Segment Start: Dataset

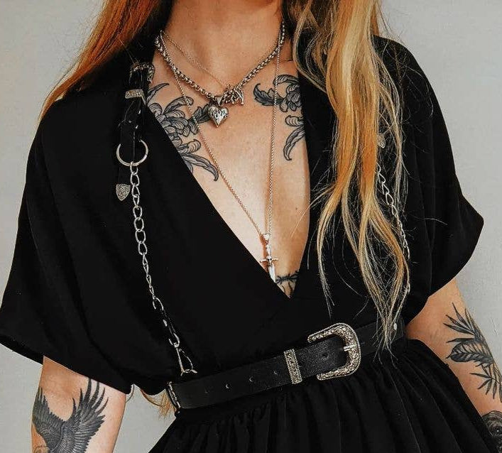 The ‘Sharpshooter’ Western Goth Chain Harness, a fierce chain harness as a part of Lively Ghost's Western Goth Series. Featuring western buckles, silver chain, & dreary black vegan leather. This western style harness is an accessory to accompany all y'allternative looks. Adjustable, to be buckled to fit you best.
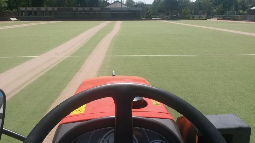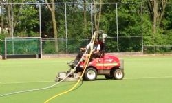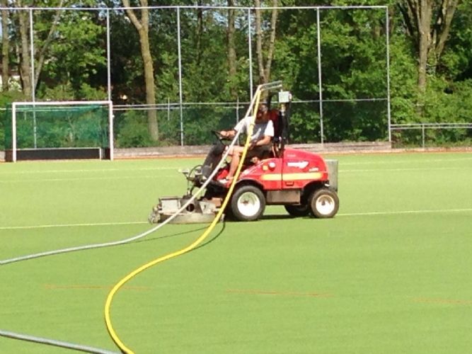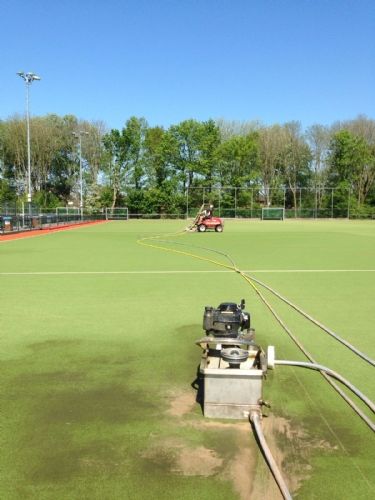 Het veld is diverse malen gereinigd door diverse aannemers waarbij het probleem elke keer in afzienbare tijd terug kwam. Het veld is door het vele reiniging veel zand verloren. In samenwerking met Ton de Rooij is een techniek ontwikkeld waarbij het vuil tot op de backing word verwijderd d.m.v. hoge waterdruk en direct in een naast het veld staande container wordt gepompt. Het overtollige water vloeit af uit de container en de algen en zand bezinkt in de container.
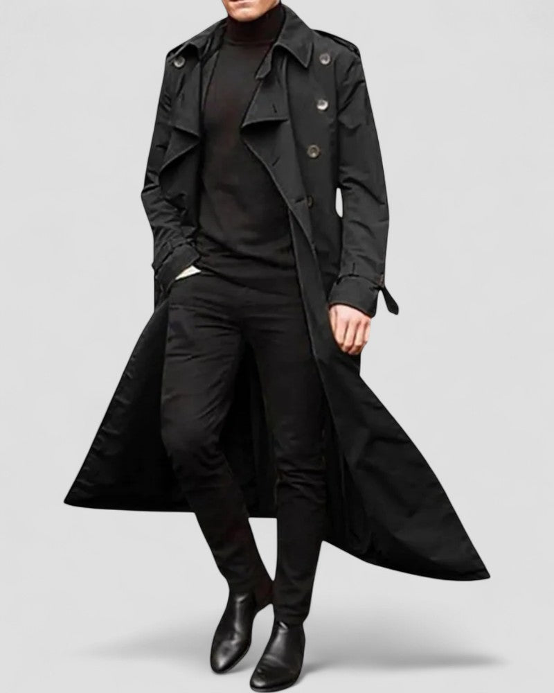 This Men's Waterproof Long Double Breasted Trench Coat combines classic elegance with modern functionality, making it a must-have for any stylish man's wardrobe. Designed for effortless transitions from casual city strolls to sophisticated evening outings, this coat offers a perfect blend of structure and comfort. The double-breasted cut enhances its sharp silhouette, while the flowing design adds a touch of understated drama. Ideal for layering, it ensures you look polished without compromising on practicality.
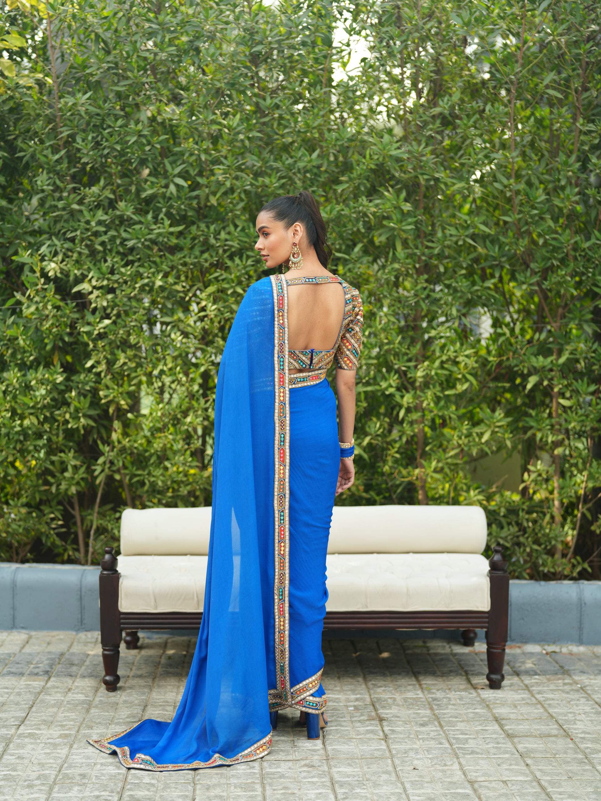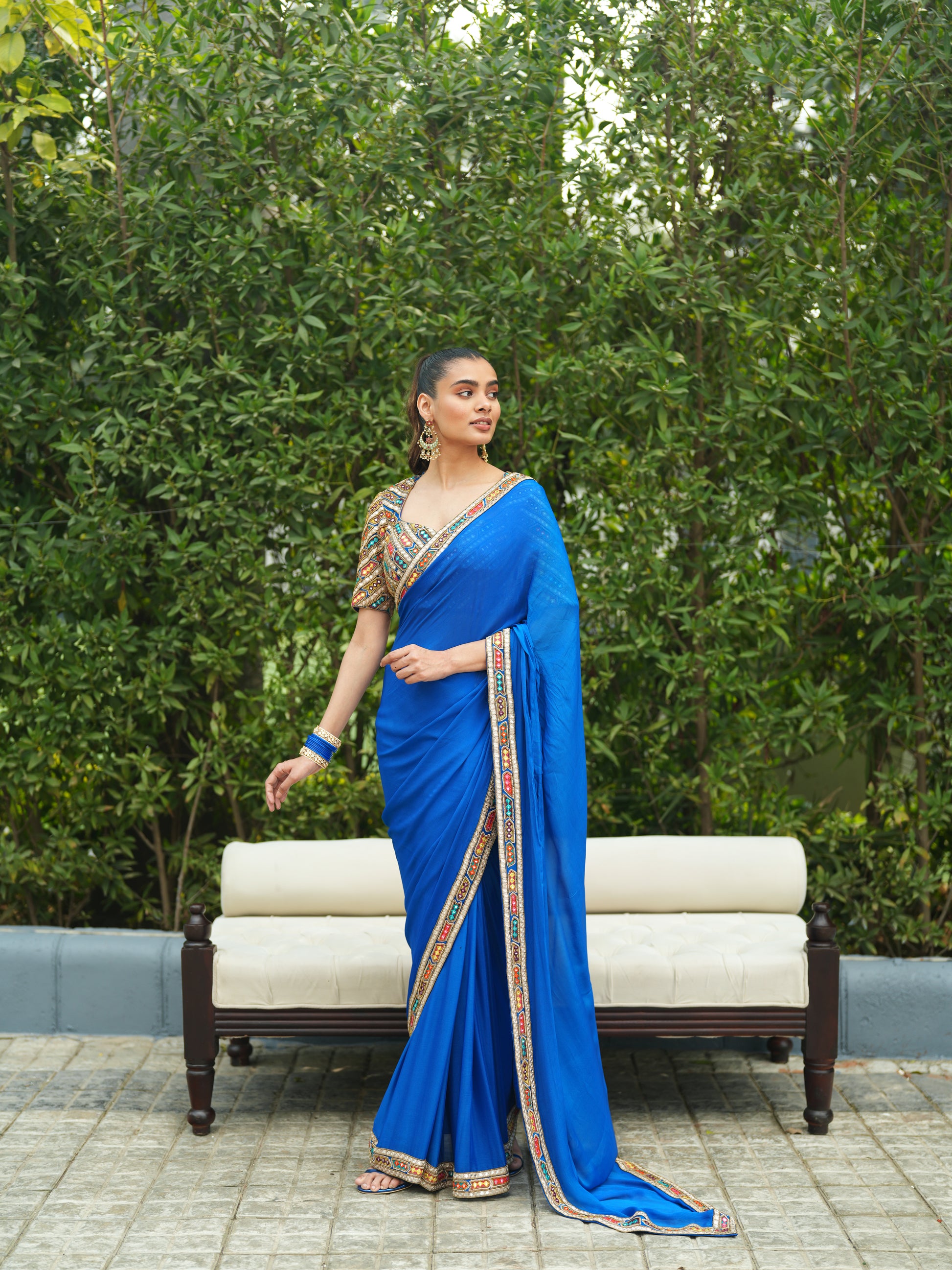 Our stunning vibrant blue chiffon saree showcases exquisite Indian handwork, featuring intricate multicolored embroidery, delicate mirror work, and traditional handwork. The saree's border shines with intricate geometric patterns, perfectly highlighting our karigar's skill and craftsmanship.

Segment End: Dataset
Segment Start: Dataset

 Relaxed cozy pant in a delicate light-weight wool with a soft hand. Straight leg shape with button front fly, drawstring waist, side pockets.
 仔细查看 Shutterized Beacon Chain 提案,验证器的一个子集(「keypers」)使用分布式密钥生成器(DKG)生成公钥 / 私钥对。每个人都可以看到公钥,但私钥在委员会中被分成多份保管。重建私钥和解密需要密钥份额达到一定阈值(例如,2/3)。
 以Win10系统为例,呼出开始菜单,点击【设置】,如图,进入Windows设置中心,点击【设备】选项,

Segment End: Dataset

Your instructions | Above are entries with pictures among them. Write out exactly the lines from the one containing "The ‘Sharpshooter’ Western" through the one containing "Het veld is diverse", ends included, and leave those pictures out.

Output of the task |
 The ‘Sharpshooter’ Western Goth Chain Harness, a fierce chain harness as a part of Lively Ghost's Western Goth Series. Featuring western buckles, silver chain, & dreary black vegan leather. This western style harness is an accessory to accompany all y'allternative looks. Adjustable, to be buckled to fit you best.
 Het veld is diverse malen gereinigd door diverse aannemers waarbij het probleem elke keer in afzienbare tijd terug kwam. Het veld is door het vele reiniging veel zand verloren. In samenwerking met Ton de Rooij is een techniek ontwikkeld waarbij het vuil tot op de backing word verwijderd d.m.v. hoge waterdruk en direct in een naast het veld staande container wordt gepompt. Het overtollige water vloeit af uit de container en de algen en zand bezinkt in de container.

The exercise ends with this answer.